‘LEAN ON PETE’
R 2:01 ★★☆☆
There isn’t much story to “Lean on Pete”: A 16-yearold kid (Charlie Plummer), distraught after the sudden death of his lackadaisical single father (Travis Fimmel), runs off in search of his only other known relative. That journey of 1,000 miles or so is undertaken in the company of a worn-out racehorse, whose name lends the film its title.
That’s it. And yet, at the center of this oddly riveting little picaresque is a performance of such quiet power by Plummer — as an antihero both rash and precociously resourceful — that it’s easy to overlook the film’s flaws.
The 18-year-old Plummer’s understated acting is a revelation.
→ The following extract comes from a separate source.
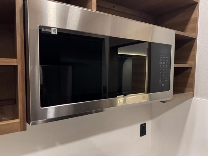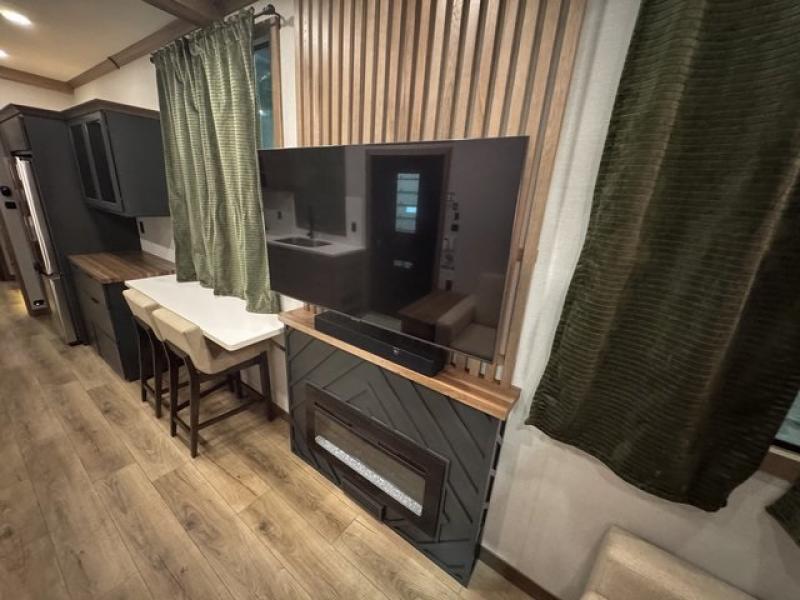 For those who appreciate a destination trailer easier to maintain, this slide-less unit will be perfect for you! Your crew can relax comfortably in the front living area that includes an L-shaped sleeper sofa across from an entertainment center or enjoy the views out the window in front of the countertop with chairs. The full kitchen will allow you to make your best home-cooked meals, and the spacious walk-through bath is easily accessible. You're sure to love the rear bedroom that includes a queen bed with a king bed option, along with dual bedroom closets to keep everything organized!

By turns frantic, single-minded and lost in the space between confusion and resolve, the character of Charley is rendered as a work in progress: a half-finished, yet deeply appealing, version of the man he will become.
The impulse to be nurtured — to be loved, to find a shoulder to lean on — is strong. But so, the film argues, is the equally human desire for someone or something, if only a horse, to lean back on us.
“Lean on Pete” plays at 5:30 p.m. Friday and Saturday and 2 p.m. Sunday at the Oklahoma City Museum of Art, 415 Couch Drive.
Starring: Charlie Plummer, Amy Seimetz, Steve Buscemi, Chloë Sevigny, and Steve Zahn. (Strong language and brief violence.)